I know that T5 has K, Q and V vectors in each layer. It also has a feedforward network. I would like to freeze K, Q and V vectors and only train the feedforward layers on each layer of T5. I use Pytorch library. The model could be a wrapper for huggingface T5 model or a modified version of it. I know how to freeze all parameters using the following code:
tokenizer = AutoTokenizer.from_pretrained(underlying_model_name)
model = T5ForConditionalGeneration.from_pretrained(underlying_model_name)
for p in model.parameters():
p.requires_grad = False # freezing
Could you please guide me how can I do this?
This github project probably could be helpful but it's for Roberta and GPT, could I adapt it for T5?
I've adapted a solution based on this discussion from the Huggingface forums. Basically, you have to specify the names of the modules/pytorch layers that you want to freeze.
In your particular case of T5, I started by looking at the model summary:
from transformers import T5ModelForConditionalGeneration
model = T5ModelForConditionalGeneration.from_pretrained("t5-small")
print(model)
This gives the following (abbreviated output):
T5ForConditionalGeneration(
(shared): Embedding(32128, 512)
(encoder): T5Stack(
(embed_tokens): Embedding(32128, 512)
(block): ModuleList(
(0): T5Block(
(layer): ModuleList(
(0): T5LayerSelfAttention(
(SelfAttention): T5Attention(
(q): Linear(in_features=512, out_features=512, bias=False)
(k): Linear(in_features=512, out_features=512, bias=False)
(v): Linear(in_features=512, out_features=512, bias=False)
(o): Linear(in_features=512, out_features=512, bias=False)
(relative_attention_bias): Embedding(32, 8)
)
(layer_norm): T5LayerNorm()
(dropout): Dropout(p=0.1, inplace=False)
)
(1): T5LayerFF(
(DenseReluDense): T5DenseReluDense(
(wi): Linear(in_features=512, out_features=2048, bias=False)
(wo): Linear(in_features=2048, out_features=512, bias=False)
(dropout): Dropout(p=0.1, inplace=False)
)
(layer_norm): T5LayerNorm()
(dropout): Dropout(p=0.1, inplace=False)
)
)
)
[...] # abbreviated output
with this, we can then generate a list of modules that we want to freeze. In particular, I decided to freeze the entire T5LayerSelfAttention
block for the encoder (and, additionally, the T5LayerCrossAttention
for the decoder):
# All modules in the
modules_to_freeze = [model.encoder.block[i].layer[0] for i in range(len(model.encoder.block))]

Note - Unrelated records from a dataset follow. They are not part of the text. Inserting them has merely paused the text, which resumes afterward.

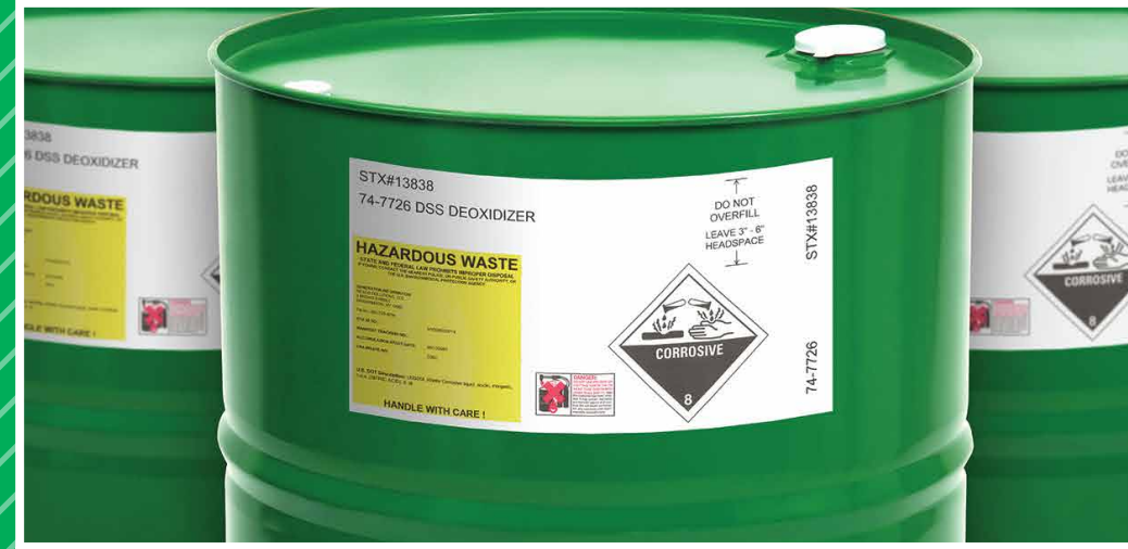
Labels in good condition, legible and not faded
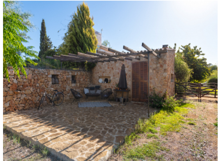
Separate guest apartment with its own terrace
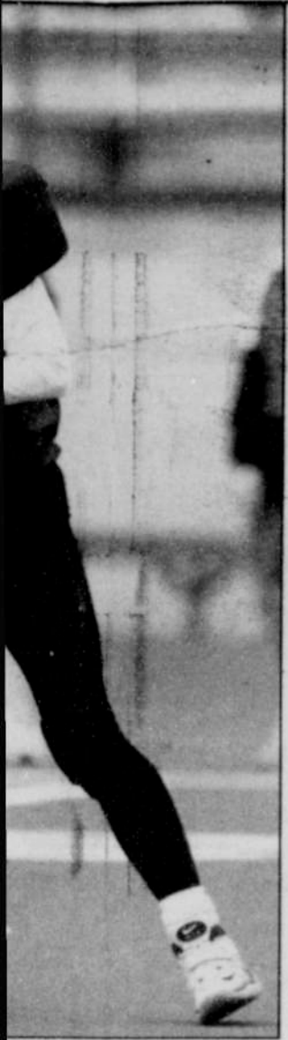
Football team holds
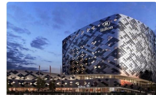
Hilton Airport, Amsterdam, Netherlands
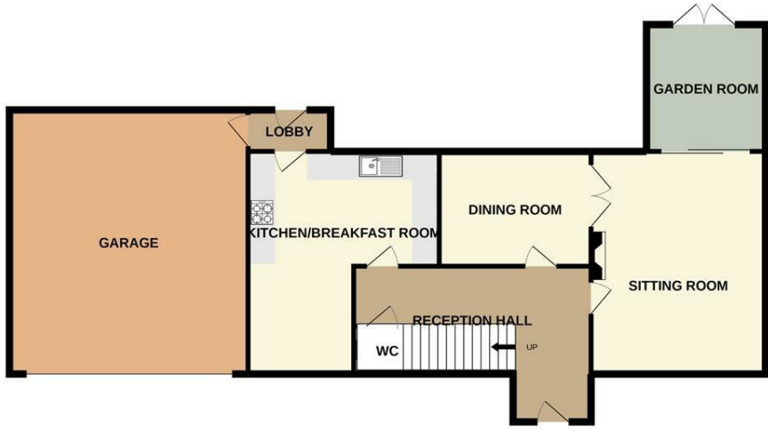
GROUND FLOOR 118.7 sq.m. (1277 sq.ft.) approx.
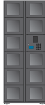
SL 11 Stand Alone Locker Shown With Window Doors RA - 3

The SL11 can also be used for secure asset management in the form of will-call, redemption and storage of high-dollar items or user-specific items that contain sensitive data such as laptops, tablets, and smartphones.

# And the decoder modules, which has both a SelfAttention (layer[0])
modules_to_freeze.extend([model.decoder.block[i].layer[0] for i in range(len(model.decoder.block))])
# and CrossAttention (layer[1]) block
modules_to_freeze.extend([model.decoder.block[i].layer[1] for i in range(len(model.decoder.block))])
And then simply freeze all the parameters in the respective modules:
for module in modules_to_freeze:
for param in module.parameters():
param.requires_grad = False # Actual freezing operation
You can verify that these are actually frozen in your model by running the following:
for param in model.parameters():
print(param.requires_grad)
which should print quite a few False
as well. If you really only want to freeze K, Q and V, you can adapt the above process to just sub-select the modules you want.